GOAL OF THE EXERCISE ->
Images don't belong in the copy. Output the rest of the data exactly.

RECORDED DATA ->
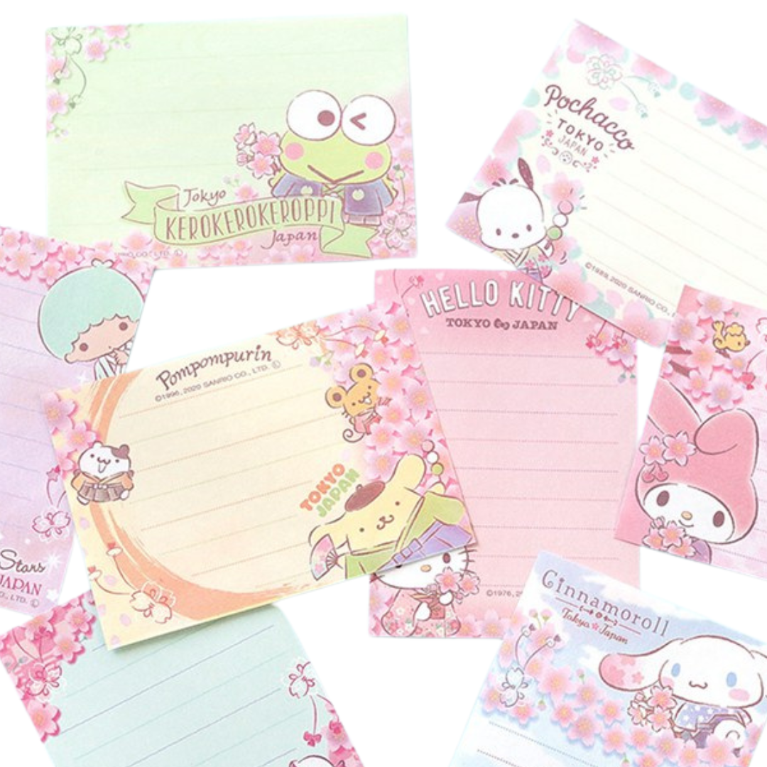 Add a touch of springtime charm to your stationery collection with these Sanrio Sakura-Themed Mini Notepads. Featuring adorable designs of beloved characters like Cinnamoroll, Tuxedosam, My Melody, and more, these notepads are perfect for jotting down quick notes or messages.
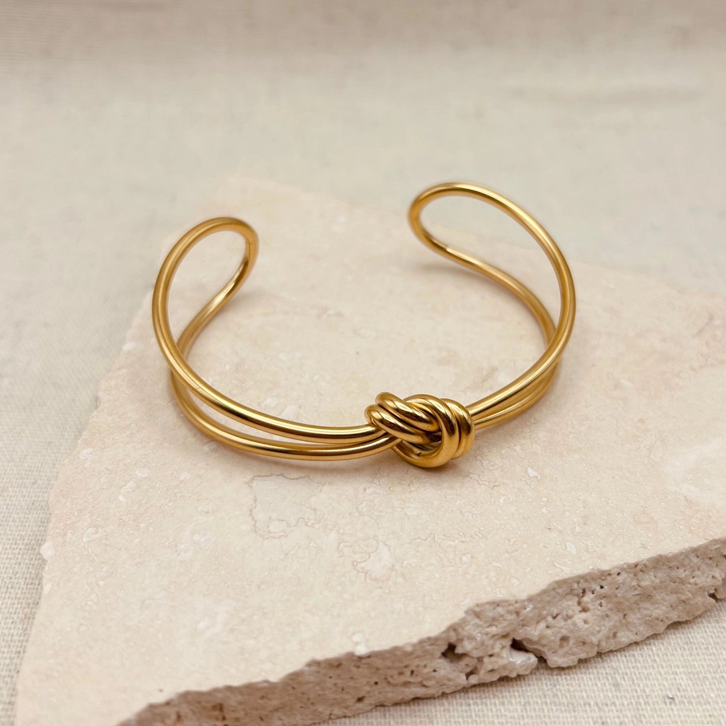 Elevate your everyday style with the Everyday Gold Knot Bangle. This adjustable piece is designed to stay with you season after season, ensuring enduring elegance through every occasion. Its subtle knot detail adds a refined touch, making it a versatile accessory that complements any ensemble with sophistication.
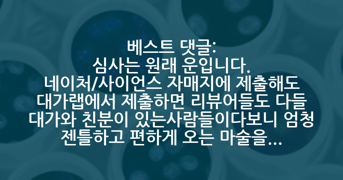 10 - 심사는 원래 운입니다. 네이처/사이언스 자매지에 제출해도 대가랩에서 제출하면 리뷰어들도 다들 대가와 친분이 있는사람들이다보니 엄청 젠틀하고 편하게 오는 마술을 볼수있습니다. 그래서 보통 본인들이 박사과정때 지도교수 이름빨로 쉽게 내다가, 본인이 내다보니 엄청나게 공격적인 리뷰들을 보면서 배워나가기도 합니다.

RESPONSE TO THIS TASK ->
 Add a touch of springtime charm to your stationery collection with these Sanrio Sakura-Themed Mini Notepads. Featuring adorable designs of beloved characters like Cinnamoroll, Tuxedosam, My Melody, and more, these notepads are perfect for jotting down quick notes or messages.
 Elevate your everyday style with the Everyday Gold Knot Bangle. This adjustable piece is designed to stay with you season after season, ensuring enduring elegance through every occasion. Its subtle knot detail adds a refined touch, making it a versatile accessory that complements any ensemble with sophistication.
 10 - 심사는 원래 운입니다. 네이처/사이언스 자매지에 제출해도 대가랩에서 제출하면 리뷰어들도 다들 대가와 친분이 있는사람들이다보니 엄청 젠틀하고 편하게 오는 마술을 볼수있습니다. 그래서 보통 본인들이 박사과정때 지도교수 이름빨로 쉽게 내다가, 본인이 내다보니 엄청나게 공격적인 리뷰들을 보면서 배워나가기도 합니다.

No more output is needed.